I ribelli si sono organizzati e hanno ottenuto sostegno militare da fuori: non hanno aspettato certo il via libera degli americani, restii a intervenire. L'opposizione, pur frammentata, è unita su un punto: «Armateci per contrattaccare il regime», un'ottima idea secondo i sauditi, delusi dalle esitazioni occidentali.
Un'alternativa politica alle armi, alla vigilia del referendum costituzionale di domani, appare poco praticabile.
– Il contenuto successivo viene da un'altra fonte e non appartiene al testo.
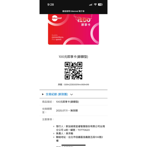 全家/屈臣氏 100面額 虛擬電子卡 無期限 餘額型 可分次抵用 95折優惠價😍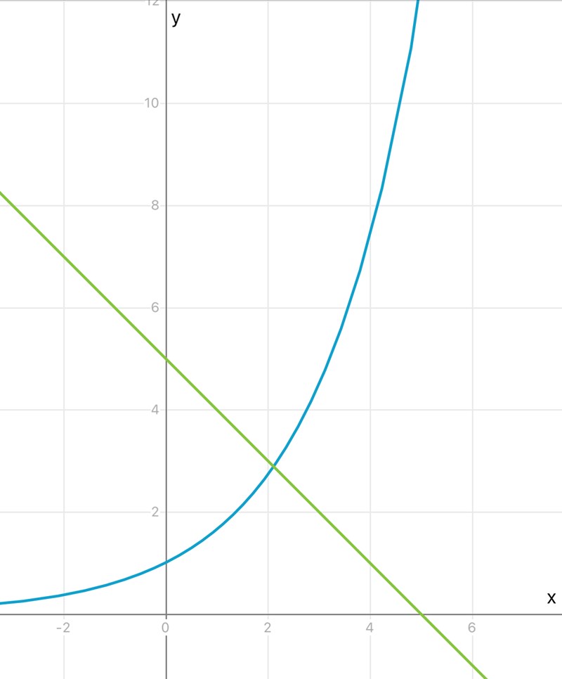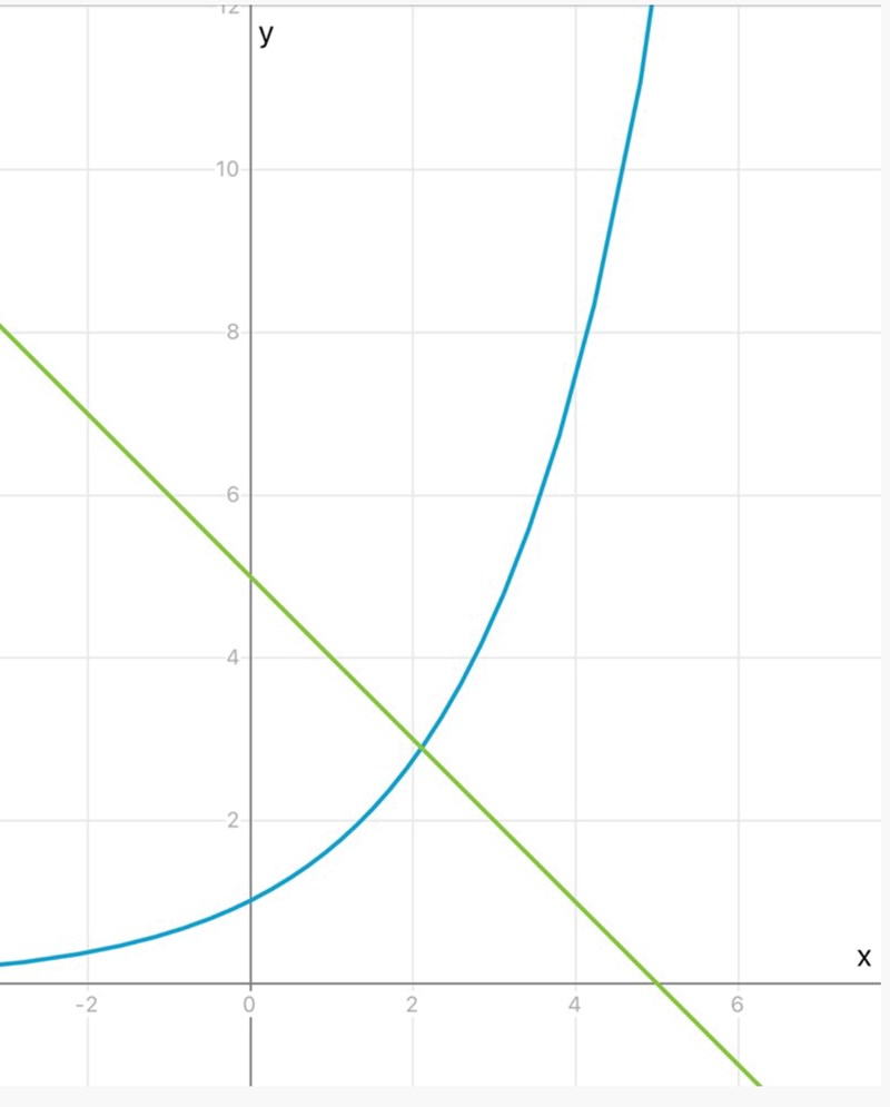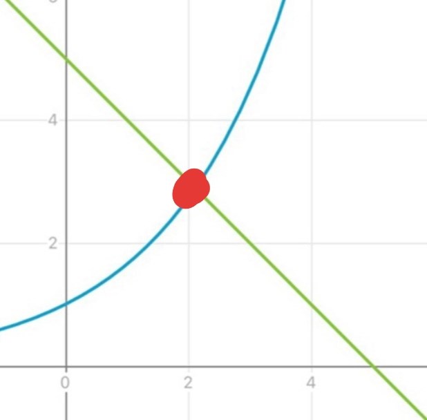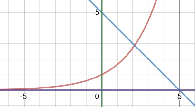 Vad menar du med att graferna inte har någon skärningspunkt? Med vad? Med varandra? Med koordinataxlarna?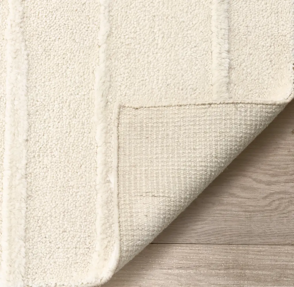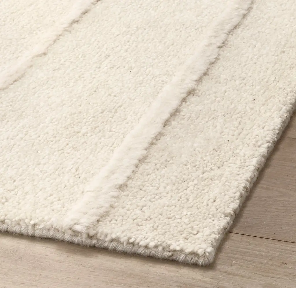 Hand-sculpted lines bring modernist dimension to Paavai's lush, monochrome pile, knotted by hand from New Zealand wool. The chunky, undyed yarns are spun by hand to enhance the wool's organic character and rich variation.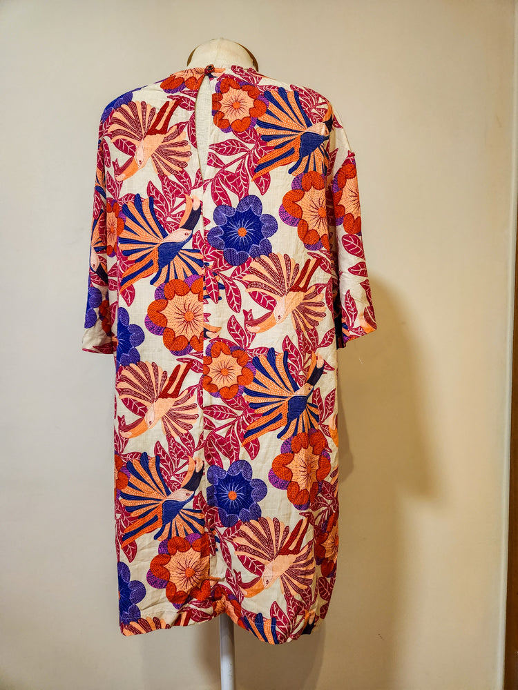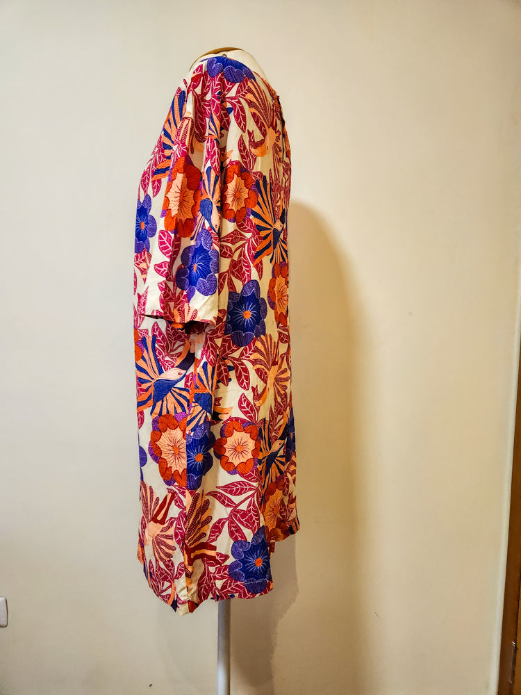 Vestido feminino novo, com modelagem tipo t-shirt, oferecendo conforto e estilo para o dia a dia. Confeccionado em tecido 100% viscose, proporciona um caimento leve, fluido e fresco, ideal para os dias quentes. A peça se destaca por sua estampa floral vibrante, que combina um fundo off white em tons de rosa e azul e aves, criando um visual tropical e alegre. Possui gola redonda e um pequeno botão para fechamento na parte de trás do pescoço, facilitando o vestir.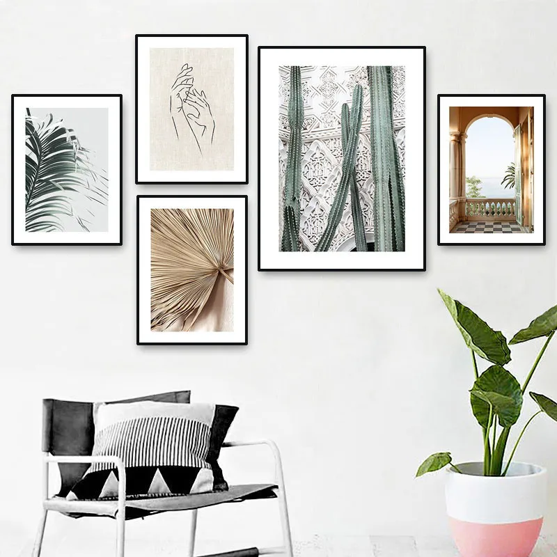 Картина на холсте в скандинавском стиле с изображением кактуса, зеленых растений, Листьев, Постер мусульманский фотографии архитектуры для гостиной, Современный домашний декор TB224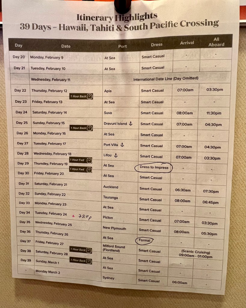 With French Polynesia behind us, we now head into another stretch of sea days — officially four, though it will magically become three once we cross the International Date Line. There’s something wonderfully strange about going to bed on one date and waking up having skipped an entire day, as if the ocean itself decided to fast‑forward time for us. It adds a little spark of fun to the journey ahead, a reminder that out here, time bends and the adventure keeps unfolding in its own rhythm.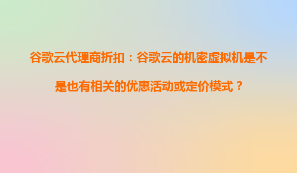 2025-10-24谷歌云代理商折扣:谷歌云機(jī)密虛擬機(jī)優(yōu)惠活動(dòng)與定價(jià)模式解析 一、谷歌云代理商折扣的核心優(yōu)勢(shì) 谷歌云作為全球領(lǐng)先的云計(jì)算服務(wù)提供商,其代理商體系為客戶提供了靈活的采購(gòu)渠道和更具競(jìng)爭(zhēng)力的價(jià)格方案...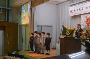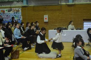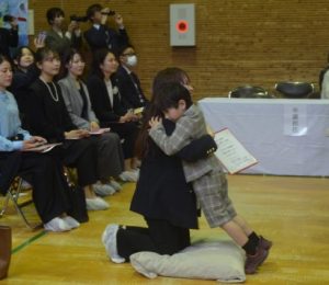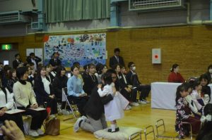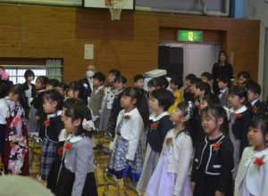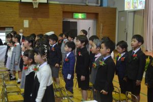 修了証書を受け取り、「たいせつな ともだち」の歌を歌い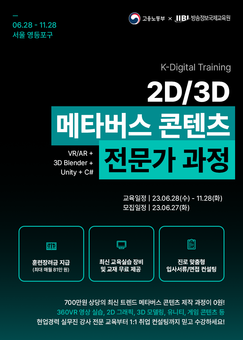 - 700만원 상당의 최신 트렌드 VR/AR 취업과정이 100% 전액무료 - 360VR 영상 실습\, 2D 그래픽\, Blender 3D 모델링/애니메이션\, 유니티 게임 개발 등 - 3가지 실습 프로젝트 및 취업 컨설팅까지! ▶ 무료교육 신청하러 가기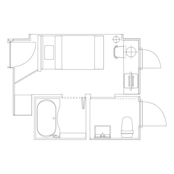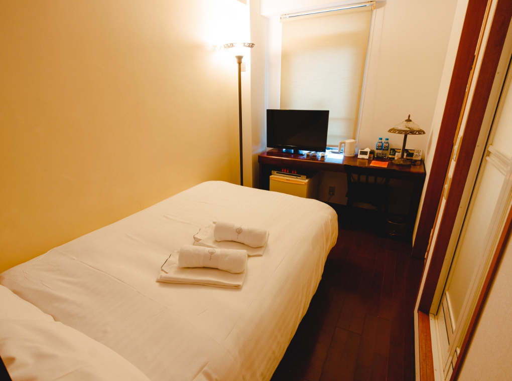 シングルルームと同じ広さのお部屋にセミダブルサイズのベッドを配置しました。バストイレセパレートでゆったりと入浴いただけます。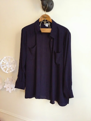 Enough of the pep talk, and down to business. I burned myself out a bit doing an "all homemade and thrifted" Christmas for my family. Don't get me wrong, I loved doing it and I'm glad that I did. Lack of funds truly helped breed creativity! But, once I'd finished everything up, I didn't want to have anything to do with my sewing machine or notions. So, I took a couple of weeks off. As I was browsing through my "refashion ideas" board on Pinterest, I came across a copycat that I wanted to make of the Beckett Buttondown (no longer available) from Anthropologie. I had the perfect navy blue thrifted top sitting in my stash, so I figured, what the heck. Let's see if I've got my mojo back...here's how it went down.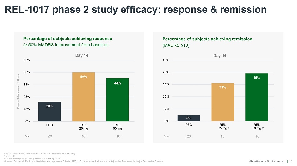 ©202 3 Relmada - All rights reserve d Phase 2 study REL - 1017: primary efficacy endpoint 11 Least - Square Mean Change in MADRS 5 0 - 5 - 25 - 10 - 15 - 20 P=0.0103; d=0.9 P=0.0039; d=1.0 P=0.0308; d=0.7 P=0.0122; d=0.8 P=0.0096; d=0.8 P=0.0087; d=0.9 P=0.9092; d=0.0 P=0.4340; d=0.3 D MADRS Day 2 Day 4 Day 7 Day 14 25mg - 1.9 - 7.9 * - 8.7 * - 9.4 * 50mg - 0.3 - 7.6 * - 7.2 * - 10.4 * Placebo REL - 1017 25mg REL - 1017 50mg REL - 1017 25 and 50 mg (Day 1 loading dose 75 and 100 mg, respectively) showed rapid and sustained differences in MADRS change vs. placebo P - value <.05 MADRS=Montgomery - Asberg Depression Rating Scale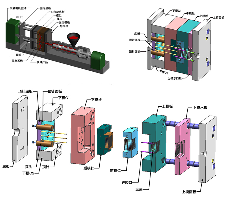 塑料顆粒被裝入注塑機的一個桶中,在桶中通過高溫最終被熔化,壓縮,并注入模具的流道系統(tǒng)。熱樹脂塑料通過澆口射入模腔,模具成型。模具中的頂出銷將零件從模具中頂出,使其落在裝料箱中。
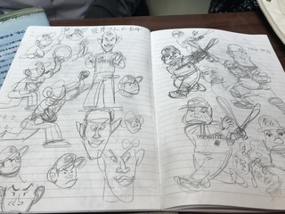 描かれたラフスケッチのノートが

Forse è possibile una tregua, non un vero negoziato, anche se ci proverà il nuovo inviato internazionale, l'ex segretario dell'Onu Kofi Annan.
Il Consiglio nazionale, istanza politica basata all'estero che ha ottenuto un riconoscimento internazionale di credibilità, si è alleato con il Free Syrian Army, rappresentato da un comando di ufficiali insediato in Turchia: era questa l'unica soluzione per poter contare dentro al Paese.
Come si è arrivati a Tunisi? La crisi, iniziata il 15 marzo 2011, ha attraversato tre fasi. Nella prima è stato protagonista un movimento per le libertà civili e politiche che rieccheggiava la primavera tunisina e quella egiziana. Nella seconda, in coincidenza con una sempre maggiore repressione, si è accentuata la radicalizzazione confessionale in tre aree calde, Deraa, Homs, Idlib, dove si sono formati gruppi armati con i disertori dell'esercito e formazioni sunnite. Adesso siamo al terzo atto, un confronto tra l'asse sciita-alauita (minoranza a cui appartiene Assad), sostenuto per ragioni geopolitiche da Russia e Cina, e un arco sunnita costituito dalle monarchie del Golfo, Fratelli Musulmani e salafiti (islamici radicali).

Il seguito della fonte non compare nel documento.